YOUR INSTRUCTIONS | Would you retype the whole listing exactly, leaving its pictures out?

COLLECTED MATERIAL |
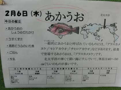 今日のメニューは「赤魚の醤油だれかけ」「野菜たっぷりうすくず汁」「高野豆腐の炒り煮」です。
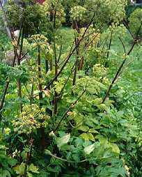 Angelica makes an attractive backdrop for other herbs, not only because of its height. Angelica's bright green leaves, made up of three finely toothed leaflets, and its stems also are a pleasing contrast in the garden. Angelica's long sturdy hollow stems are ribbed. Delicately colored, they start out purple at the base and lighten to a pale yellow green. Angelica is a biennial, and usually only blooms every two or three years. When the blossoms do appear, in mid to late summer, they tower above everything in the garden: globes of tiny yellow or white flowers. As they mature, the flowers produce small oval seeds. It is best to plant the seeds right away, but they can also be refrigerated in an airtight jar for planting later, either directly in the ground, or starting them in seed trays. Angelica prefers a warm, not hot, climate. It also does well in a area with filtered shade and rich soil. Start seeds in clumps but thin early to avoid overcrowding of these giant members of the parsley family.
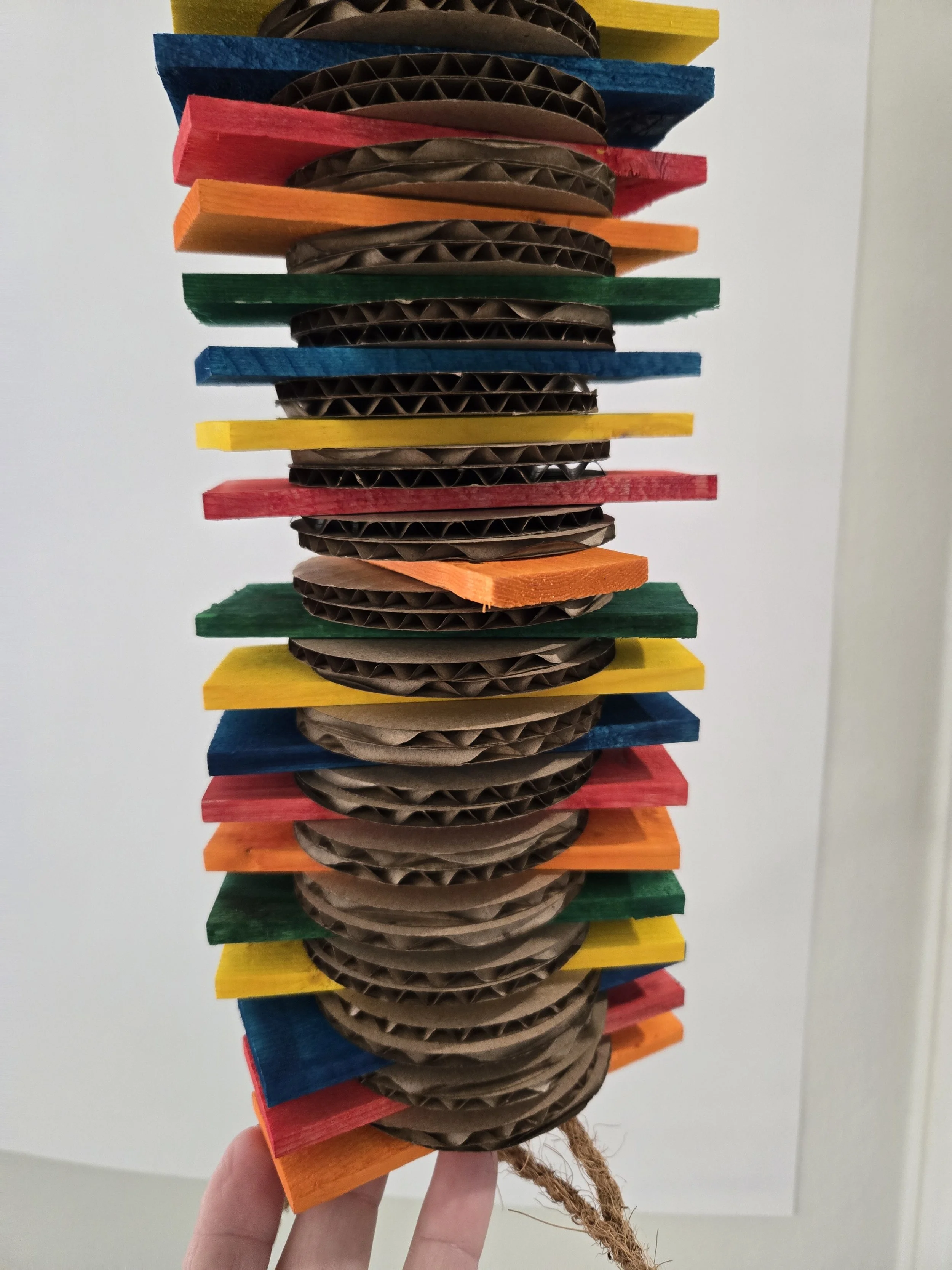 Red Macaw Cuddle $28.00 Knots and Wood $30.00 Wood Swing $25.00 Mini Bell Tower NEW $60.00 Cotton Bungee Extra Large $30.00 Silly Face on a Beach Ball $25.00 Tire with Indestructible Bell $25.00 African Grey Chew/Amazon Chew "New" Sale Price: $28.00 Original Price: $30.00 Sale Blocks on Logs $25.00 Monkey Sock Sale Price: $15.00 Original Price: $18.00 Sale Squidy Large $25.00 Big Beak Toy Sale Price: $30.00 Original Price: $35.00 Sale Brand New Never Before Seen!!!!!! $30.00 6 in Tire with Ball on Chain $30.00 Sold out SPINNER ON A PINEAPPLE $30.00 Play Tunnel Sale Price: $25.00 Original Price: $35.00 Sale PVC Forager $18.00 Sold out The Best Forager Ever!!! $45.00 Fun Foraging Ball with Plate Sale Price: $0.00 Original Price: $20.00 Sold out Dice and Skateboards $35.00 Sold out Funny Face $28.00 Sold out Bagel Lovers $20.00 Sold out Unicorn $24.00 Sold out Bamboo Wind Chime $20.00 Sold out Mega Blockd $25.00 Straw Fun $15.00 Sold out Basket of Fun!!!! $28.00 Sold out Acrylic Fun in a Tube with Beads and Bell $30.00 Sold out Blocks and Dice $25.00 Dice Dice and Dice $20.00 Sold out Fun Ball with Acrylic Chain $28.00 Cup Cake Duck NEW $28.00 Sold out Pumpkin Man $24.00 Sold out Fireman Duck Duck NEW $18.00 Sold out Boogie Spider with Orange Hair $24.00 Stainless Noise $30.00 Sold out Card Board Fun $28.00 Sold out

PROBLEM SOLUTION |
 今日のメニューは「赤魚の醤油だれかけ」「野菜たっぷりうすくず汁」「高野豆腐の炒り煮」です。
 Angelica makes an attractive backdrop for other herbs, not only because of its height. Angelica's bright green leaves, made up of three finely toothed leaflets, and its stems also are a pleasing contrast in the garden. Angelica's long sturdy hollow stems are ribbed. Delicately colored, they start out purple at the base and lighten to a pale yellow green. Angelica is a biennial, and usually only blooms every two or three years. When the blossoms do appear, in mid to late summer, they tower above everything in the garden: globes of tiny yellow or white flowers. As they mature, the flowers produce small oval seeds. It is best to plant the seeds right away, but they can also be refrigerated in an airtight jar for planting later, either directly in the ground, or starting them in seed trays. Angelica prefers a warm, not hot, climate. It also does well in a area with filtered shade and rich soil. Start seeds in clumps but thin early to avoid overcrowding of these giant members of the parsley family.
 Red Macaw Cuddle $28.00 Knots and Wood $30.00 Wood Swing $25.00 Mini Bell Tower NEW $60.00 Cotton Bungee Extra Large $30.00 Silly Face on a Beach Ball $25.00 Tire with Indestructible Bell $25.00 African Grey Chew/Amazon Chew "New" Sale Price: $28.00 Original Price: $30.00 Sale Blocks on Logs $25.00 Monkey Sock Sale Price: $15.00 Original Price: $18.00 Sale Squidy Large $25.00 Big Beak Toy Sale Price: $30.00 Original Price: $35.00 Sale Brand New Never Before Seen!!!!!! $30.00 6 in Tire with Ball on Chain $30.00 Sold out SPINNER ON A PINEAPPLE $30.00 Play Tunnel Sale Price: $25.00 Original Price: $35.00 Sale PVC Forager $18.00 Sold out The Best Forager Ever!!! $45.00 Fun Foraging Ball with Plate Sale Price: $0.00 Original Price: $20.00 Sold out Dice and Skateboards $35.00 Sold out Funny Face $28.00 Sold out Bagel Lovers $20.00 Sold out Unicorn $24.00 Sold out Bamboo Wind Chime $20.00 Sold out Mega Blockd $25.00 Straw Fun $15.00 Sold out Basket of Fun!!!! $28.00 Sold out Acrylic Fun in a Tube with Beads and Bell $30.00 Sold out Blocks and Dice $25.00 Dice Dice and Dice $20.00 Sold out Fun Ball with Acrylic Chain $28.00 Cup Cake Duck NEW $28.00 Sold out Pumpkin Man $24.00 Sold out Fireman Duck Duck NEW $18.00 Sold out Boogie Spider with Orange Hair $24.00 Stainless Noise $30.00 Sold out Card Board Fun $28.00 Sold out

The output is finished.